A typical railway/railroad track consists of two parallel steel (or in older networks, iron) rails, generally anchored perpendicular to beams, termed sleepers or ties, of timber, concrete, or steel to maintain a consistent distance apart, or gauge. The rails and perpendicular beams are usually then placed on a foundation made of concrete or compressed earth and gravel in a bed of ballast to prevent the track from buckling (bending out of its original configuration) as the ground settles over time beneath and under the weight of the vehicles passing above. The vehicles travelling on the rails are arranged in a train; a series of individual powered or unpowered vehicles linked together, displaying markers.
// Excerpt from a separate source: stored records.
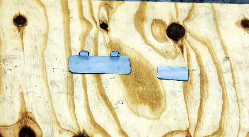 Ушки на первой подгибаются под прямым углом. Пластины нужно отшлифовать, чтобы убрать заусенцы, и срезать уголки.
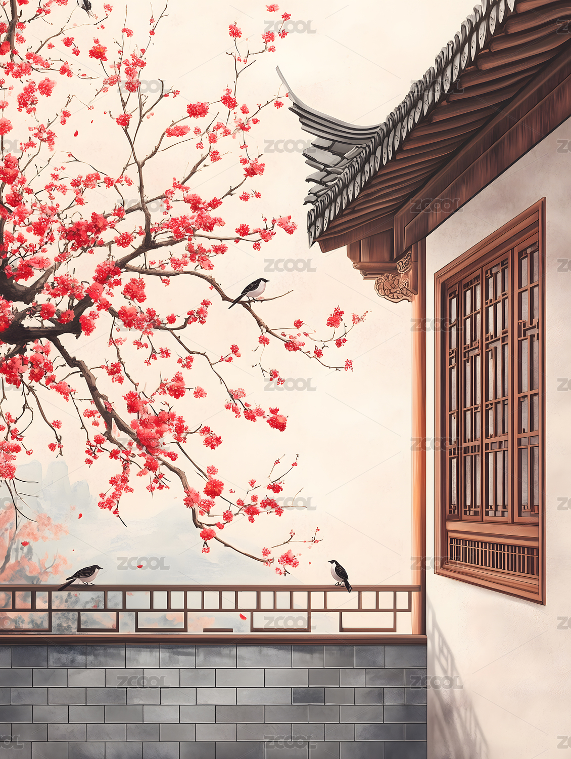 水墨写意红梅与古建筑
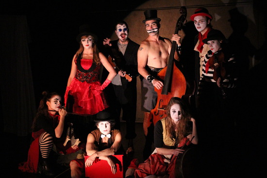 Italian director Federico Fellini’s 1954 film La Strada won the Oscar for Best Foreign Language Film and established Fellini as one of the top directors of his era. Sixty years later the film and Fellini’s private life still have a strong attraction to a lot of people, including Jeff Mills who conceived, wrote and directed La La La Strada at this year’s Hollywood Fringe Festival. The show was the most theatrical of the twenty plus shows I saw during the Festival. It was totally captivating and a feast for the eyes and ears. You didn’t have to know all the details of the film or of Fellini’s life; the story telling elements gave you all you needed to become deeply involved in the work. A very talented troupe of seven performers, in white clown faced makeup, took on a variety of roles as well as playing instruments and manipulating a puppet that stood in for Fellini. They blended together seamlessly as they slowly re-enacted scenes from the film and even more slowly peeled back the layers of Fellini’s life and relationships. Blythe Foster was truly Chaplin-esque, showing every emotion effortlessly on her face and in her posture, in the role of wife/muse/film star Giulietta Masina. Jeff Mills mainly played the role of film star Anthony Quinn who starred in the film as the sadistic strong man Zampano. Jim Connolly composed and performed his original music which added immensely to the mood of the piece as did Erin Davison’s lights and Dana Fox Ortner’s costumes. Hopefully you will get another chance to see La La La Strada by the proboscis theatre.
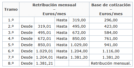 Las bases de cotización aplicables con carácter general serían:
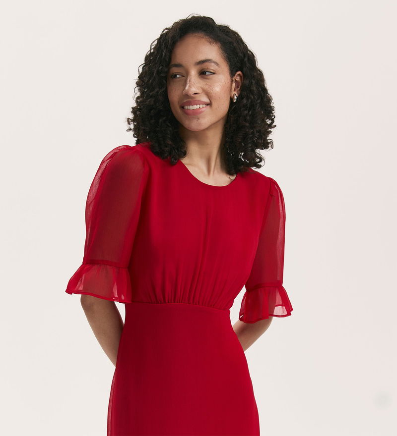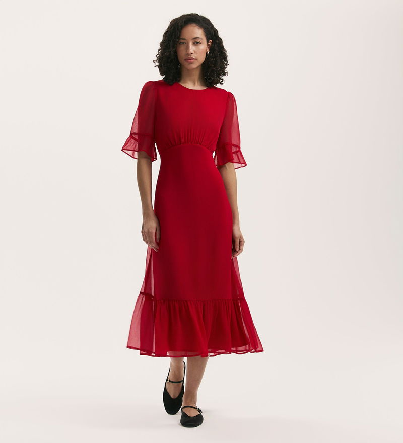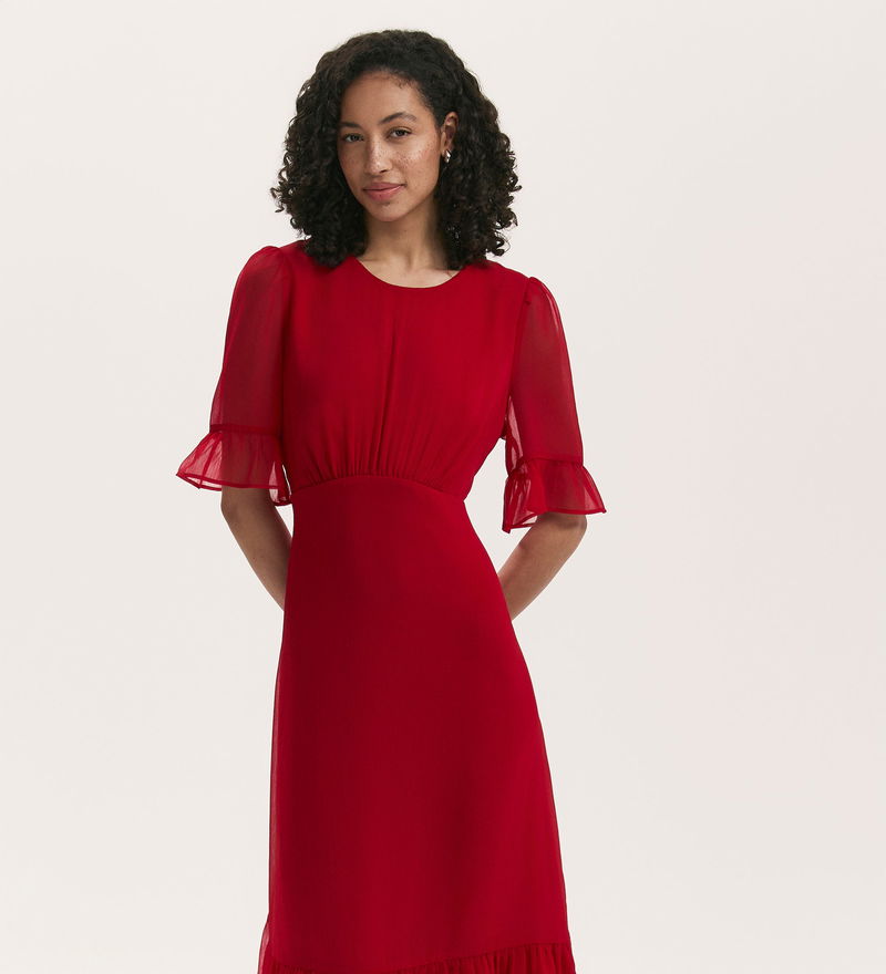 A round neck midi dress crafted from lightweight chiffon; Jennifer has short sleeves with ruffled cuffs and a tiered hemline to add to the fit and flare style. A gathered empire waist seam accentuates the silhouette, while the invisible side zip and rear keyhole button fastening make dressing simple and effortless.
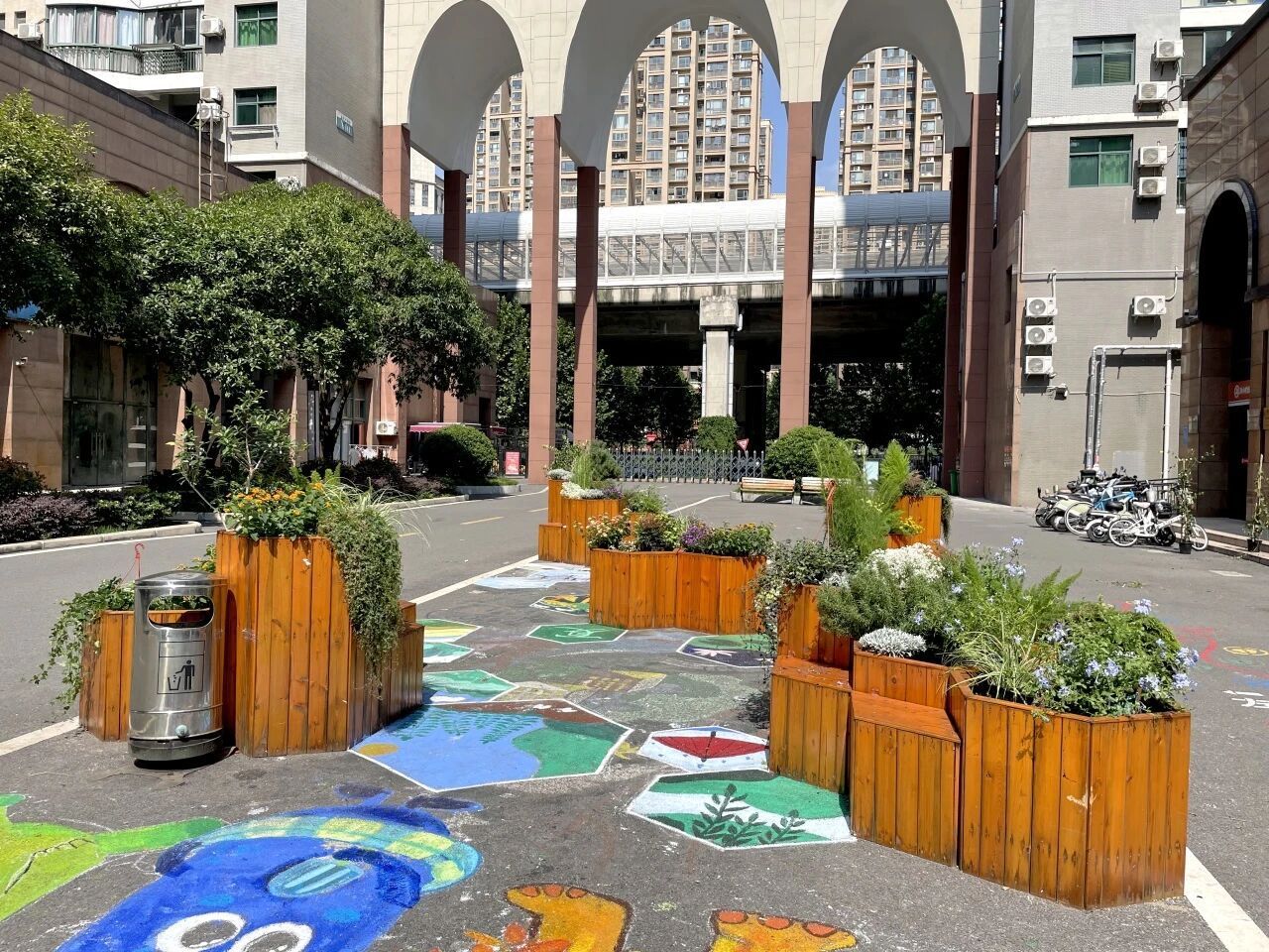 为了进一步完善改造,在地绘的基础上,学生们与辖区内的12组家庭一同对小区原有的多个蜂巢型木质花箱进行改造。搬盆栽、挖土、压实、浇水......100 株月季、鸢尾、迷迭香按“花境—菜畦—香草角”三区块植入,“小朋友通过种植体验,能更好地了解自然、亲近自然。”居民李女士带着女儿将最后一盆月季埋入土中,母女俩约定好要利用周末时间定期对自己亲手栽种月季的木箱进行养护。
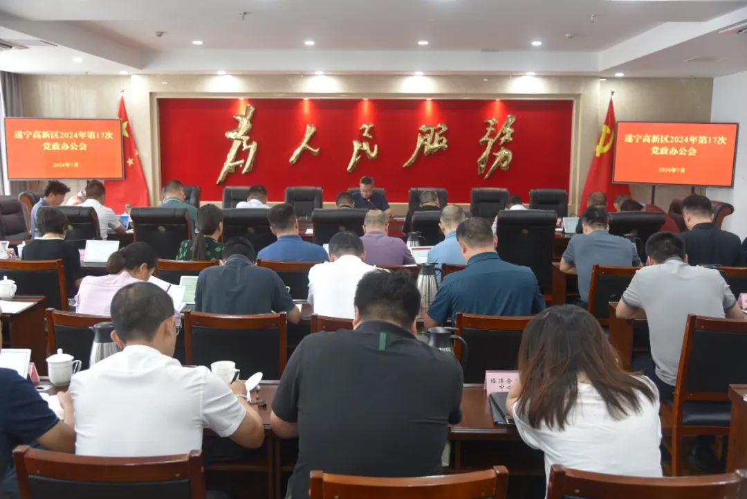 7月19日,遂宁高新区党工委副书记、管委会主任唐统主持召开2024年第17次党政办公会,传达学习近期中央和省委、市委有关会议精神,研究园区贯彻落实意见,安排部署近期重点工作。园区领导陈建明、黄俊宁、赵武军、谭勇、冉茂连、李忠海、徐毅参加会议。
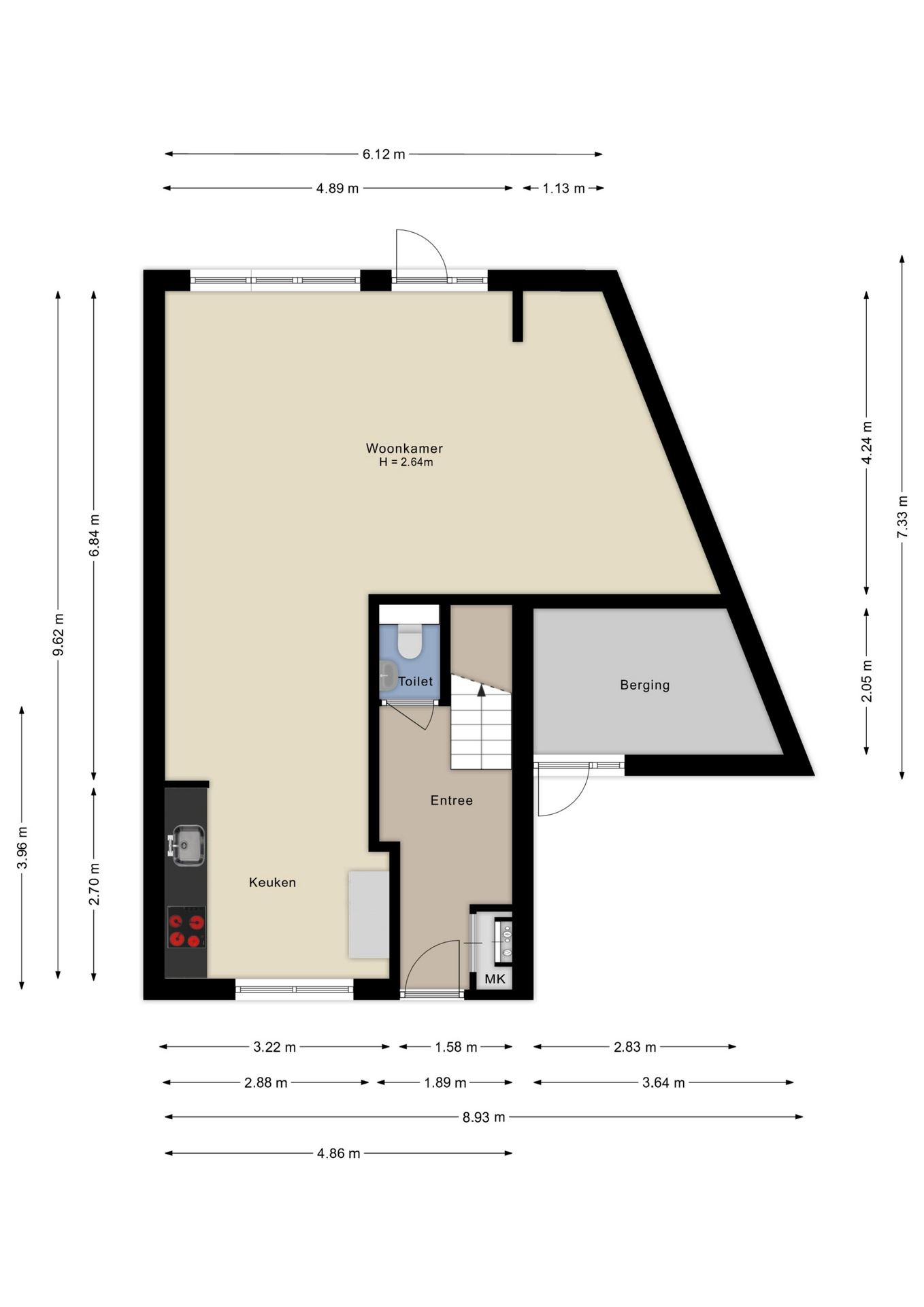 De hal/entree biedt toegang tot de ruime woonkamer, het toilet en de meterkast. De woonkamer is ca. 38 m² groot en voorzien van een trapkast. Aansluitend bevindt zich de moderne inbouwkeuken, die is voorzien van diverse inbouwapparatuur. Aansluitend bevindt zich de royale achtertuin op het noordwesten, gelegen aan het water.
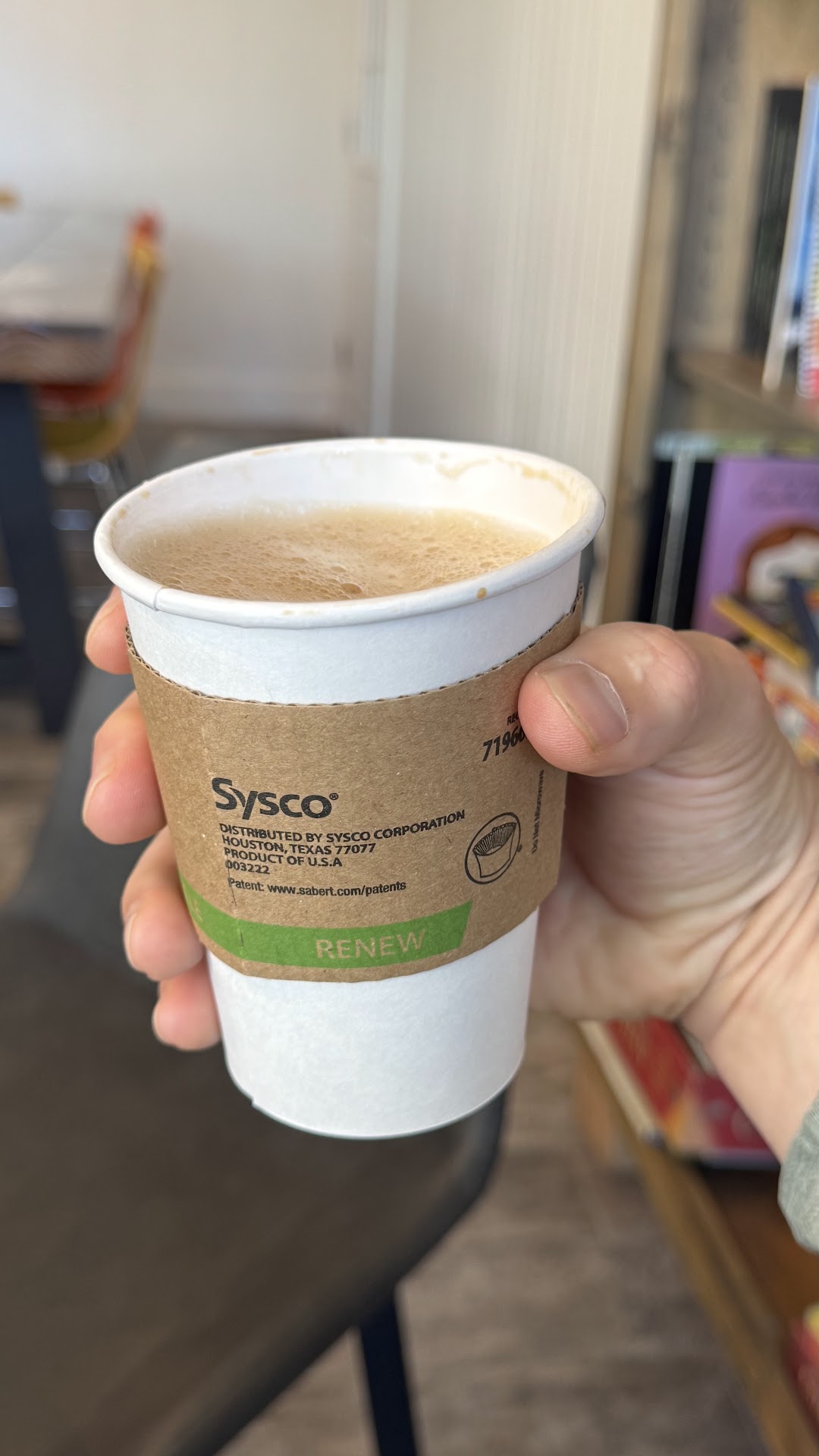 Second day, I ordered a macchiato (see photo) to see if day 1 was a fluke .... and... I could tell by the fact that they were pouring the not-quite-steamed milk into 12oz cup instead of a 4oz cup it was going to be the same issue. I wonder what I would have received had I ordered a latte AND a macchiato AND a cortado ;) ? Now, I will say, if a coffee shop doesn't actually have a cortado and a macchiato listed on their coffee menu, it can be caveat emptor if you order one of the less common-ish espresso drinks; but if it's on the menu, you should know how to make it semi-correctly. Honestly, I think they must have just left the same coffee menu up from the previous owners without really appreciating what the different types of espresso drinks are.
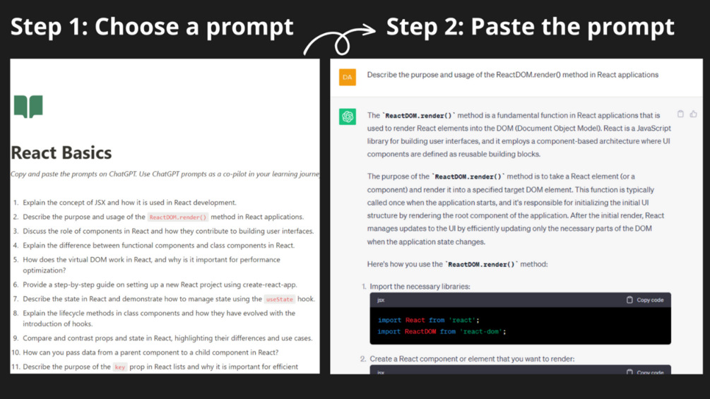 The prompts in our guide are designed to be highly interactive. Some prompts are ready-made, providing immediate insights and solutions to common challenges. Others generate personalized information and guidelines based on your specific learning needs. This dynamic approach ensures that you receive tailored guidance and answers to your unique questions, enhancing your understanding of React concepts and boosting your coding skills.
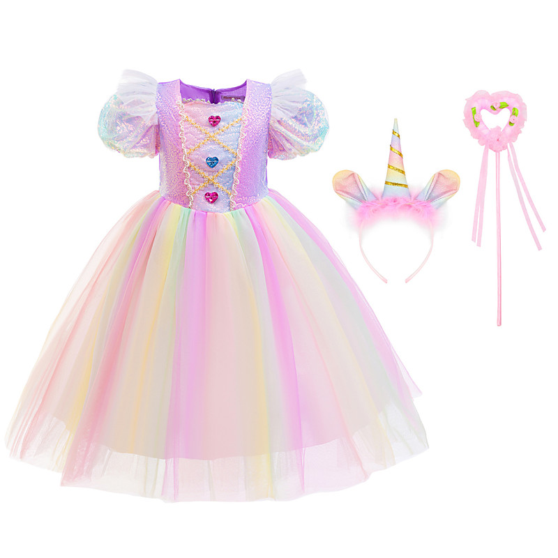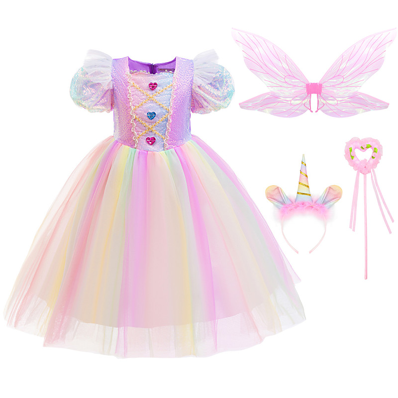 Unicorn Dress Wings Headband Girls' Movie Cosplay Dance Tight Tutus Vacation Dress Golden Blue Rainbow Dress Wings Headwear Halloween Carnival Princess World Book Day Costumes
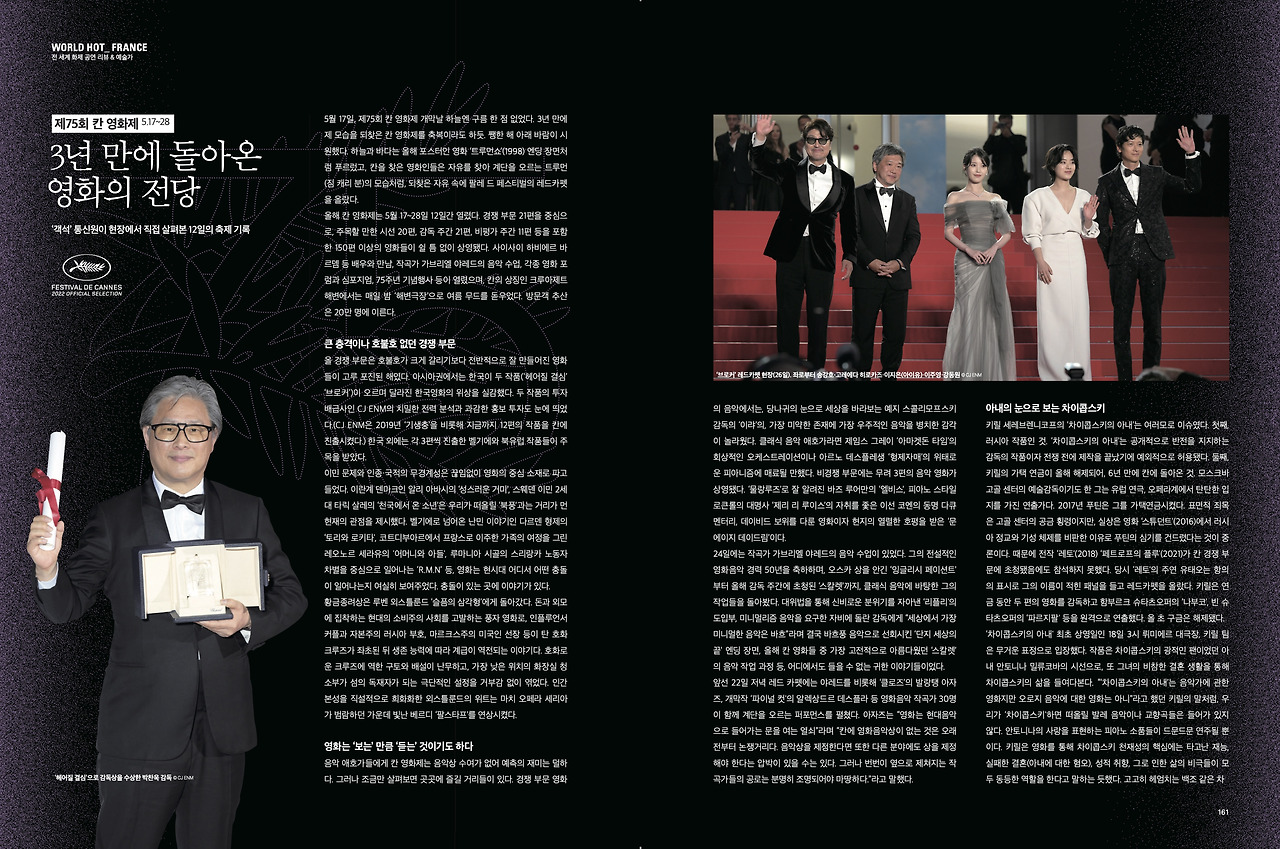 음악 애호가들에게 칸 영화제는 음악상 수여가 없어 예측의 재미는 덜하다. 그러나 조금만 살펴보면 곳곳에 즐길거리들이 있다. 특히나 내로라하는 작곡가들의 영화음악들을 최초로 듣는 것만으로도 큰 가치가 있다.
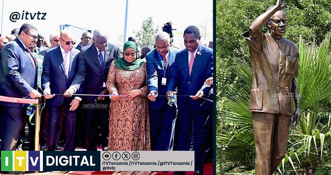 Rais wa Jamhuri ya Muungano wa Tanzania, Mhe. Samia Suluhu Hassan, akiwa ameshika utepe pamoja na viongozi mbalimbali, wakati Rais wa Zambia Hakainde Hichilema, akikata utepe huo kuashiria uzinduzi wa Sanamu ya Baba wa Taifa, Mwalimu Julius Kambarage Nyerere, katika Makao Makuu ya Umoja wa Afrika (AU), Addis Ababa nchini Ethiopia leo Februari 18, 2024.
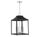 Crisp and traditional lantern style lighting is given an update in this Meridian 4-light pendant, which features a matte black finish accentuated by polished nickel. 25.5" height and 15.25" width. Max 60 watts per bulb, candelabra size C11 bulbs recommended. LED bulb compatible. Supplied with 120" of chain.
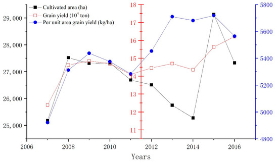 Figure 5. Food production trend of Xinbei District (2007–2016). - Total food production estimation. According to the above estimation of farmland area and food yield per unit area, the total food production of Xinbei District in 2035 and 2050 is estimated, as shown in Table 4.
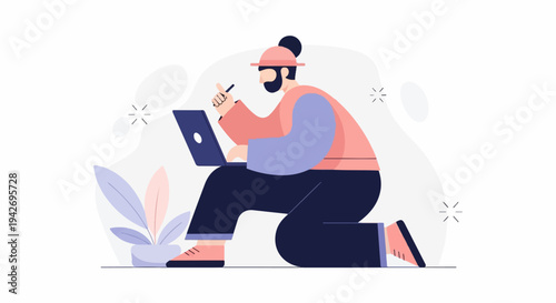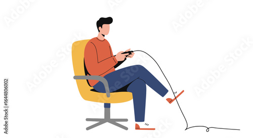 Man in headphones listening to audio programs on tablet computer, flat vector illustration. Male character listening to music, radio, podcast, audiobook. Podcasting, online radio, streaming.

These vehicles (referred to, in general, as cars, carriages or wagons) move with much less friction than do vehicles riding on rubber tires on a paved road, and the locomotive that pulls the train tends to use energy far more efficiently as a result.
Trackage, consisting of sleepers/ties and rails, may be prefabricated or assembled in place. Rails may be composed of segments welded or bolted, and may be of a length comparable to that of a railcar or two or may be many hundreds of feet long.
The surface of the ballast is sloped around curves to reduce side forces. This reduces the forces tending to displace the track, reduces the tendency to overturn at high speed, and makes for a more comfortable ride for standing cattle and standing or seated passengers in trains. This will be optimal at only one particular speed, however.
Railways are highly complex feats of engineering, with many hours of planning and forethought required for a successful outcome. The first component of a railway is the route, which is planned to provide the least resistance in terms of gradient and engineering works. As such, the trackbed is heavily engineered to provide, where possible, a level surface. As such, embankments are constructed to support the track, in order to provide a compromise in terms of the route's average elevation. With this in mind, sundry structures such as bridges and viaducts are constructed in an attempt to maintain the railway's elevation, and gradients are kept within manageable constraints. Where such items are not always justified, such as in hilly terrain, where routes may require long detours to avoid such features, a cutting or tunnel is dug or bored through the obstacle. Once the sundry engineering works are completed, a bed of stone (ballast) is laid over the compacted trackbed to ensure drainage around the ties and even distribution of pressure over a wider area, locking the track-work in place. This crushed stone is firmly tamped to prevent further settling and to lock the stones. Minor watercourses are led through pipes (culverts) before the grade is raised
The base of the trackage consists of treated wood or concrete "ties", also known as "sleepers". These ensure the proper distance between the rails (known as "gauge") and anchor the rail structure to the roadbed through the use of Plates. These are attached to the top of the ties in order to provide a secure housing for the rails. After placement of the rail atop the plate, spikes are driven through holes in the plate and into the tie where they are held by friction. The top of the spike has a head that clamps the rail. Alternatively, lag bolts may be used to retain the clamps; this is preferred since screws do not tend to loosen. The spaces between and surrounding the ties are filled with additional ballast to stabilize the rail assembly against movement.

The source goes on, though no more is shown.